血液中におけるコレステロール及びその類縁化合物の生理病理的意義の究明に関する研究
【研究分野】化学系薬学
【研究キーワード】
酸素化ステロール / GC-MS / 微量分析 / 血液成分 / 血小板 / プラスミノーゲン活性化因子 / 植物ステロール / 赤血球 / 血液
【研究成果の概要】
本研究は酸素化コレステロール誘導体を含む各種コレステロール類縁化合物の血漿中、血管内壁、赤血球、血小板などにおける生理・病理的意義を明らかにしようとするものであり、以下に示す研究成果を得た。
1.血管内皮細胞(ウシ頸動脈より得た)で合成され血液中に放出されるプラスミノーゲン活性化因子(この酵素の欠損は血栓形成を促す)について、この産生を促進する物質を探索し、シトステロールおよびフコステロールが著しい作用を示す事を見いだした。
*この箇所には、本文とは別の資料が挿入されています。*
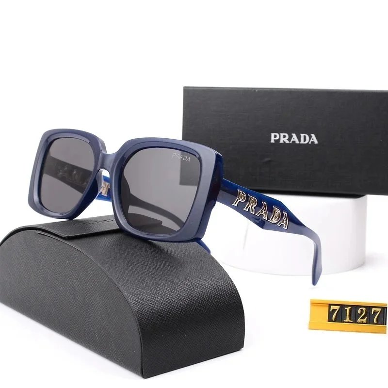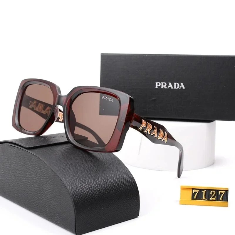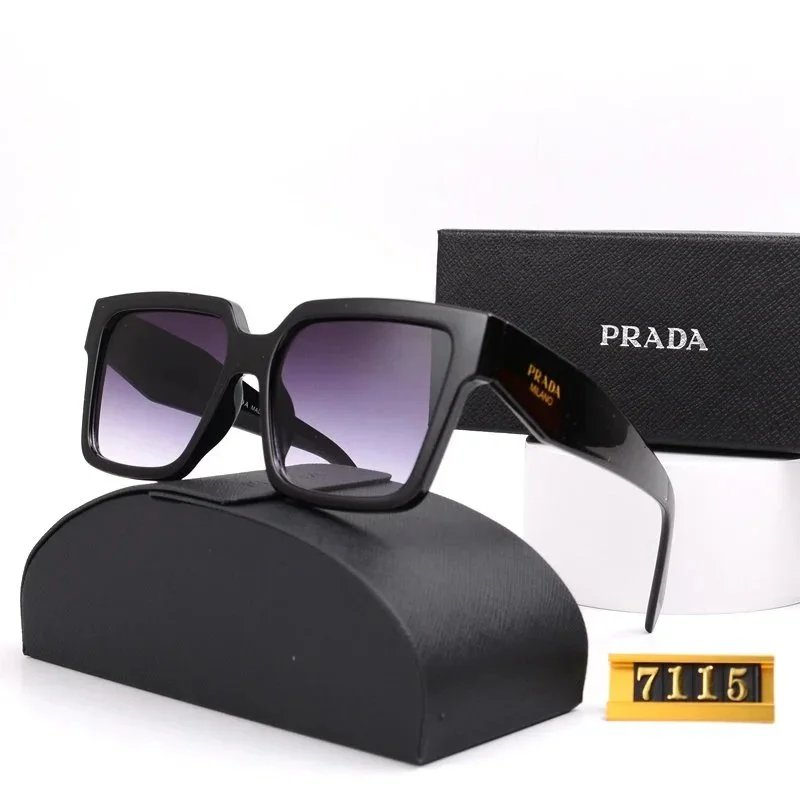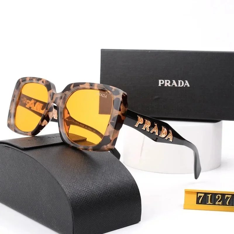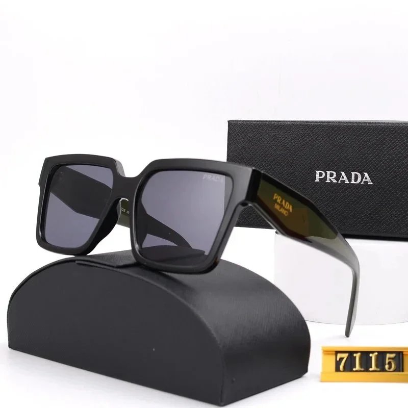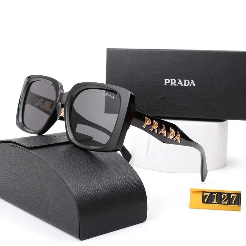Elegant Prada square-frame sunglasses featuring black acetate frames and distinctive gold-tone logo detailing on the temples. Includes branded case and box for authentic presentation.

2.酸素化ステロール類の血小板の凝集への影響を調べた。即ち、ウシ血小板浮遊血漿を用いる実験で、トロンビン凝集では、20-,22-,24-,または25-ヒドロキシコレステロールが凝集を促進するのに対し、ADP凝集で(22R)-ヒドロキシコレステロールに特異的な凝集促進作用があった。(22R)-ヒドロキシコレステロールが特異的にウシ血小板および赤血球に対して、膜の破壊を引き起こすことを見いだした。また、この溶血作用には温度依存性が有ることが分かった。
3.細胞膜中でのコレステロールとリン脂質の相互作用の解明に向けて、各種光親和性標識ステロイドを合成し、モデル系での光反応を検討した。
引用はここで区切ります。